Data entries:
--------------------
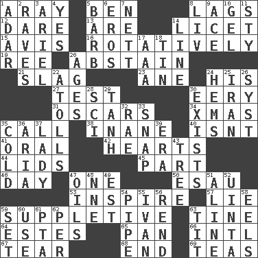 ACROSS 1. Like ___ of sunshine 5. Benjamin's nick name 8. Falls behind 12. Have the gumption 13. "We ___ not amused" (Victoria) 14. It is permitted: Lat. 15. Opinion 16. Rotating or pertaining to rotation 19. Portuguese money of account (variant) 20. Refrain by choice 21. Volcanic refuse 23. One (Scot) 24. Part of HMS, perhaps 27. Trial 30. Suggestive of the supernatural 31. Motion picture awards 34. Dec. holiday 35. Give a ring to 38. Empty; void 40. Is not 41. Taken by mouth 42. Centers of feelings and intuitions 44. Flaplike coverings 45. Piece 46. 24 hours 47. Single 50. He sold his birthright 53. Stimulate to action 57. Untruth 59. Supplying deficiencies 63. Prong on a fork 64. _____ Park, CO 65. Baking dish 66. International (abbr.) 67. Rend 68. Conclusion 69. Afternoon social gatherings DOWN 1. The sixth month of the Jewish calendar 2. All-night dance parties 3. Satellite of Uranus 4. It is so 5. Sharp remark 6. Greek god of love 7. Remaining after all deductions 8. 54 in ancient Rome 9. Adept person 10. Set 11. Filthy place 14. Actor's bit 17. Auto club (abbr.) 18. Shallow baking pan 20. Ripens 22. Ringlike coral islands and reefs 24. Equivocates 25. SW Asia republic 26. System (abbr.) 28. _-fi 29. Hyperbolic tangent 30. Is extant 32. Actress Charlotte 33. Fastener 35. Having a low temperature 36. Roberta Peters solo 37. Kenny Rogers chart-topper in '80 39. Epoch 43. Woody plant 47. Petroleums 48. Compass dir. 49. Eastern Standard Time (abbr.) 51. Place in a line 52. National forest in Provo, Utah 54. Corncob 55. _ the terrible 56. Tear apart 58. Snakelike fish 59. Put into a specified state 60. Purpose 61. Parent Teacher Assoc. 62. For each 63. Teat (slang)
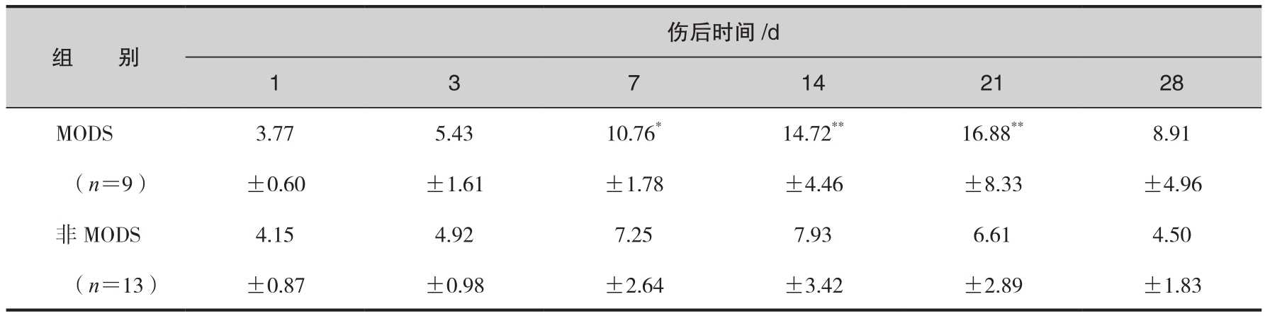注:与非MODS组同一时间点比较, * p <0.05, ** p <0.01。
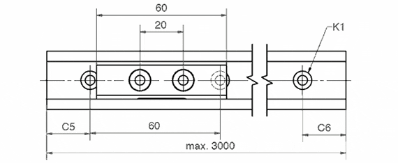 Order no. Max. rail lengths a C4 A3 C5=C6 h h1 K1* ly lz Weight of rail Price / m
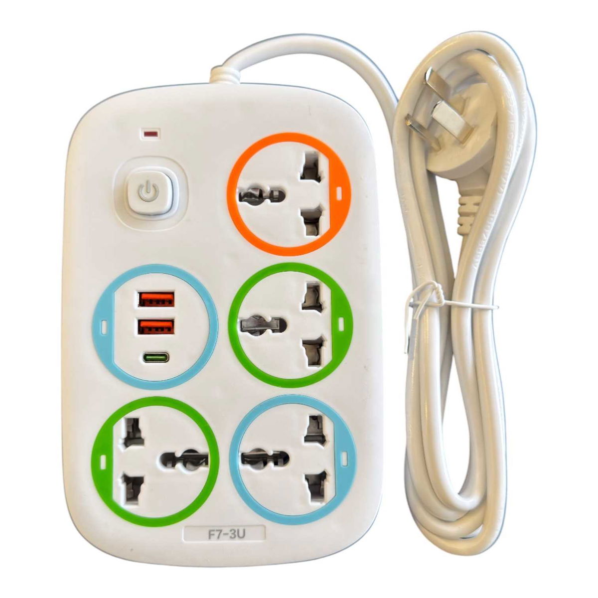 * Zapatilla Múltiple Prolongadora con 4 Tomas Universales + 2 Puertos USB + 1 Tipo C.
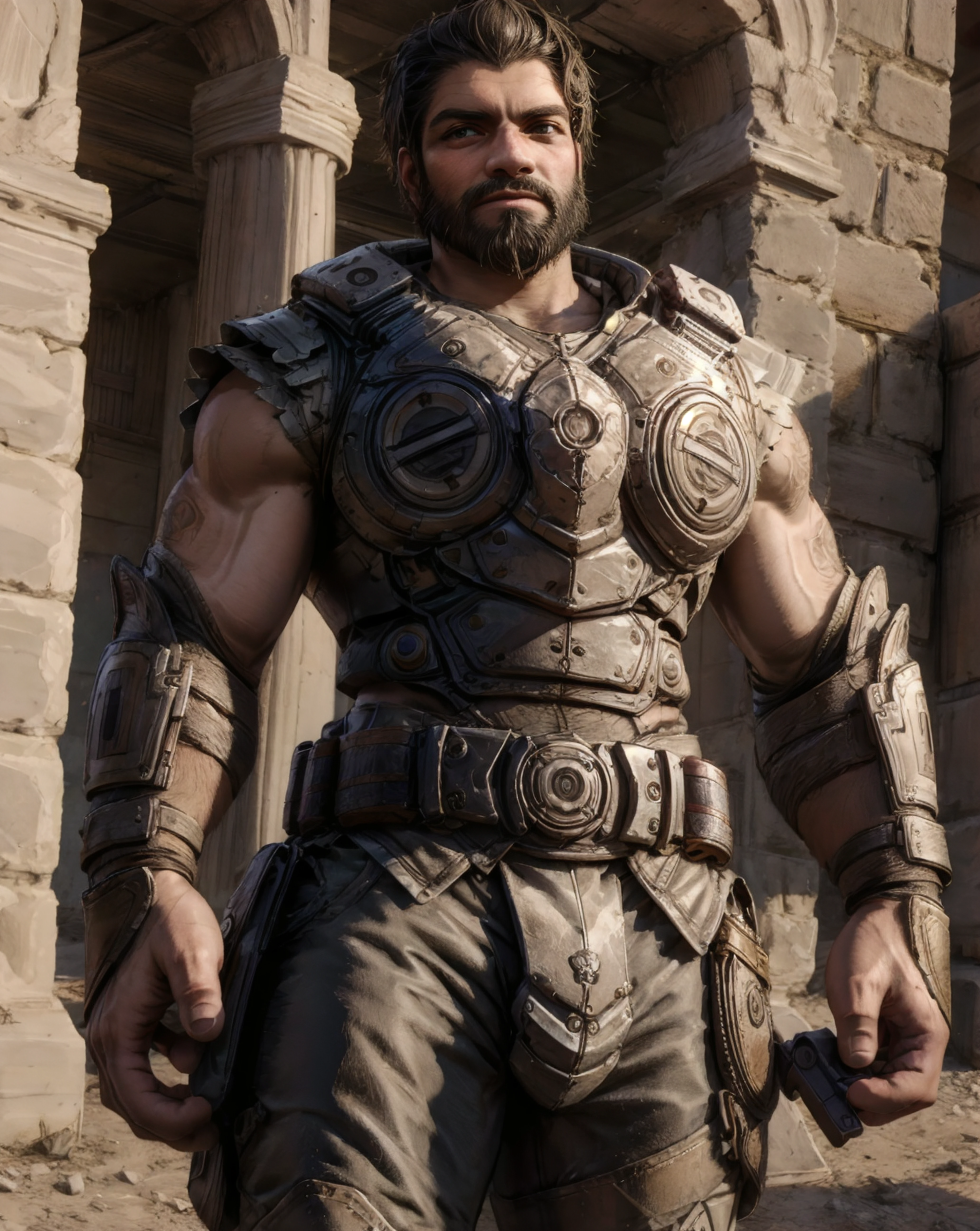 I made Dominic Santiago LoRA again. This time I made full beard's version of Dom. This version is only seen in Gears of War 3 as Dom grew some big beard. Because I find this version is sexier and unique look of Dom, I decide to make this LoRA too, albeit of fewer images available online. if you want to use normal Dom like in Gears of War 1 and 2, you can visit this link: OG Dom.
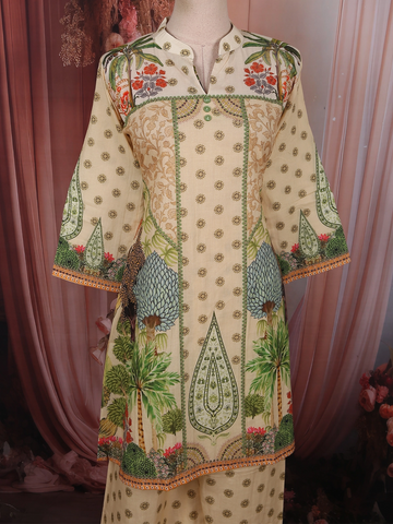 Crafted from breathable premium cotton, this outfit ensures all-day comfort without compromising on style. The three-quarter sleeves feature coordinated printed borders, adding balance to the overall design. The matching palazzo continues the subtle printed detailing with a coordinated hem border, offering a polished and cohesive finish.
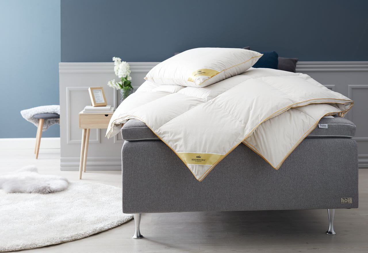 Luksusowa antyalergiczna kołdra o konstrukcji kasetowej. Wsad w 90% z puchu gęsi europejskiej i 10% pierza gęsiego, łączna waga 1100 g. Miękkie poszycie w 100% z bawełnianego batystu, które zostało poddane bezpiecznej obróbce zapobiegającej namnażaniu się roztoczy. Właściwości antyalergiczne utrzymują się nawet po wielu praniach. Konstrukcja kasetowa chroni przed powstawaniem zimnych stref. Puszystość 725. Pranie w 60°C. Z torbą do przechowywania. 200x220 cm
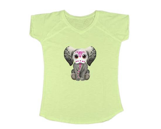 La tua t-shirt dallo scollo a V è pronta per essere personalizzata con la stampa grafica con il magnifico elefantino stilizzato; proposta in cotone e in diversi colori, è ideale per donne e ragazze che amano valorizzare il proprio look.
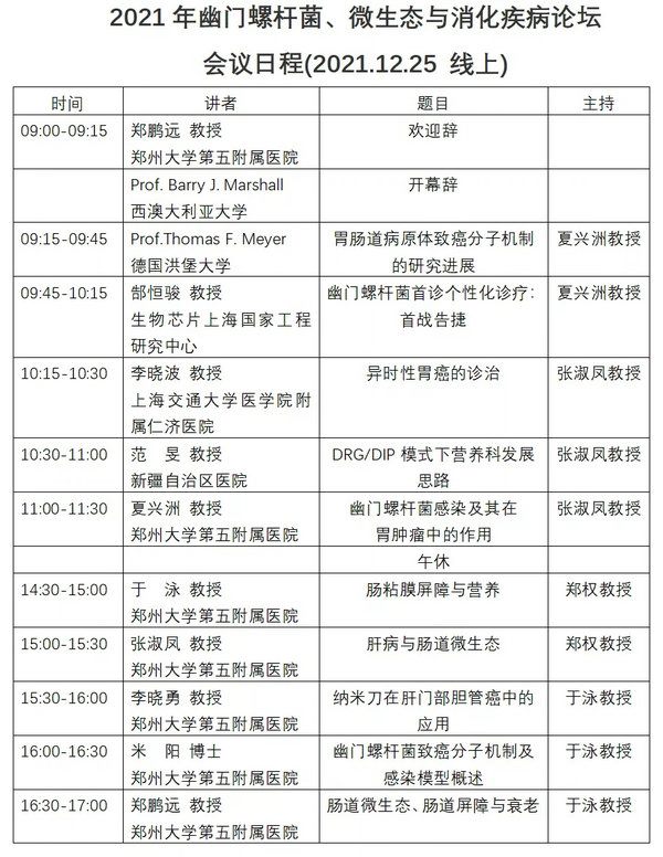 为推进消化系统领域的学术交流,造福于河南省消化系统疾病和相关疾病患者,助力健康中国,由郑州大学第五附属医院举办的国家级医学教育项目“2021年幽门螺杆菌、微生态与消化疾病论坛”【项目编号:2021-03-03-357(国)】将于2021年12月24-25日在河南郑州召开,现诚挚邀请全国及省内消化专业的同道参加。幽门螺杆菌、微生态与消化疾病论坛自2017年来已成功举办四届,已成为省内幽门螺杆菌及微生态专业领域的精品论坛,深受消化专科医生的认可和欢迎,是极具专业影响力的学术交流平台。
--------------------
= Problem to solve =
Transcribe every entry above exactly. Omit all pictures.

= Exercise solution =
 ACROSS 1. Like ___ of sunshine 5. Benjamin's nick name 8. Falls behind 12. Have the gumption 13. "We ___ not amused" (Victoria) 14. It is permitted: Lat. 15. Opinion 16. Rotating or pertaining to rotation 19. Portuguese money of account (variant) 20. Refrain by choice 21. Volcanic refuse 23. One (Scot) 24. Part of HMS, perhaps 27. Trial 30. Suggestive of the supernatural 31. Motion picture awards 34. Dec. holiday 35. Give a ring to 38. Empty; void 40. Is not 41. Taken by mouth 42. Centers of feelings and intuitions 44. Flaplike coverings 45. Piece 46. 24 hours 47. Single 50. He sold his birthright 53. Stimulate to action 57. Untruth 59. Supplying deficiencies 63. Prong on a fork 64. _____ Park, CO 65. Baking dish 66. International (abbr.) 67. Rend 68. Conclusion 69. Afternoon social gatherings DOWN 1. The sixth month of the Jewish calendar 2. All-night dance parties 3. Satellite of Uranus 4. It is so 5. Sharp remark 6. Greek god of love 7. Remaining after all deductions 8. 54 in ancient Rome 9. Adept person 10. Set 11. Filthy place 14. Actor's bit 17. Auto club (abbr.) 18. Shallow baking pan 20. Ripens 22. Ringlike coral islands and reefs 24. Equivocates 25. SW Asia republic 26. System (abbr.) 28. _-fi 29. Hyperbolic tangent 30. Is extant 32. Actress Charlotte 33. Fastener 35. Having a low temperature 36. Roberta Peters solo 37. Kenny Rogers chart-topper in '80 39. Epoch 43. Woody plant 47. Petroleums 48. Compass dir. 49. Eastern Standard Time (abbr.) 51. Place in a line 52. National forest in Provo, Utah 54. Corncob 55. _ the terrible 56. Tear apart 58. Snakelike fish 59. Put into a specified state 60. Purpose 61. Parent Teacher Assoc. 62. For each 63. Teat (slang)
注:与非MODS组同一时间点比较, * p <0.05, ** p <0.01。
 Order no. Max. rail lengths a C4 A3 C5=C6 h h1 K1* ly lz Weight of rail Price / m
 * Zapatilla Múltiple Prolongadora con 4 Tomas Universales + 2 Puertos USB + 1 Tipo C.
 I made Dominic Santiago LoRA again. This time I made full beard's version of Dom. This version is only seen in Gears of War 3 as Dom grew some big beard. Because I find this version is sexier and unique look of Dom, I decide to make this LoRA too, albeit of fewer images available online. if you want to use normal Dom like in Gears of War 1 and 2, you can visit this link: OG Dom.
 Crafted from breathable premium cotton, this outfit ensures all-day comfort without compromising on style. The three-quarter sleeves feature coordinated printed borders, adding balance to the overall design. The matching palazzo continues the subtle printed detailing with a coordinated hem border, offering a polished and cohesive finish.
 Luksusowa antyalergiczna kołdra o konstrukcji kasetowej. Wsad w 90% z puchu gęsi europejskiej i 10% pierza gęsiego, łączna waga 1100 g. Miękkie poszycie w 100% z bawełnianego batystu, które zostało poddane bezpiecznej obróbce zapobiegającej namnażaniu się roztoczy. Właściwości antyalergiczne utrzymują się nawet po wielu praniach. Konstrukcja kasetowa chroni przed powstawaniem zimnych stref. Puszystość 725. Pranie w 60°C. Z torbą do przechowywania. 200x220 cm
 La tua t-shirt dallo scollo a V è pronta per essere personalizzata con la stampa grafica con il magnifico elefantino stilizzato; proposta in cotone e in diversi colori, è ideale per donne e ragazze che amano valorizzare il proprio look.
 为推进消化系统领域的学术交流,造福于河南省消化系统疾病和相关疾病患者,助力健康中国,由郑州大学第五附属医院举办的国家级医学教育项目“2021年幽门螺杆菌、微生态与消化疾病论坛”【项目编号:2021-03-03-357(国)】将于2021年12月24-25日在河南郑州召开,现诚挚邀请全国及省内消化专业的同道参加。幽门螺杆菌、微生态与消化疾病论坛自2017年来已成功举办四届,已成为省内幽门螺杆菌及微生态专业领域的精品论坛,深受消化专科医生的认可和欢迎,是极具专业影响力的学术交流平台。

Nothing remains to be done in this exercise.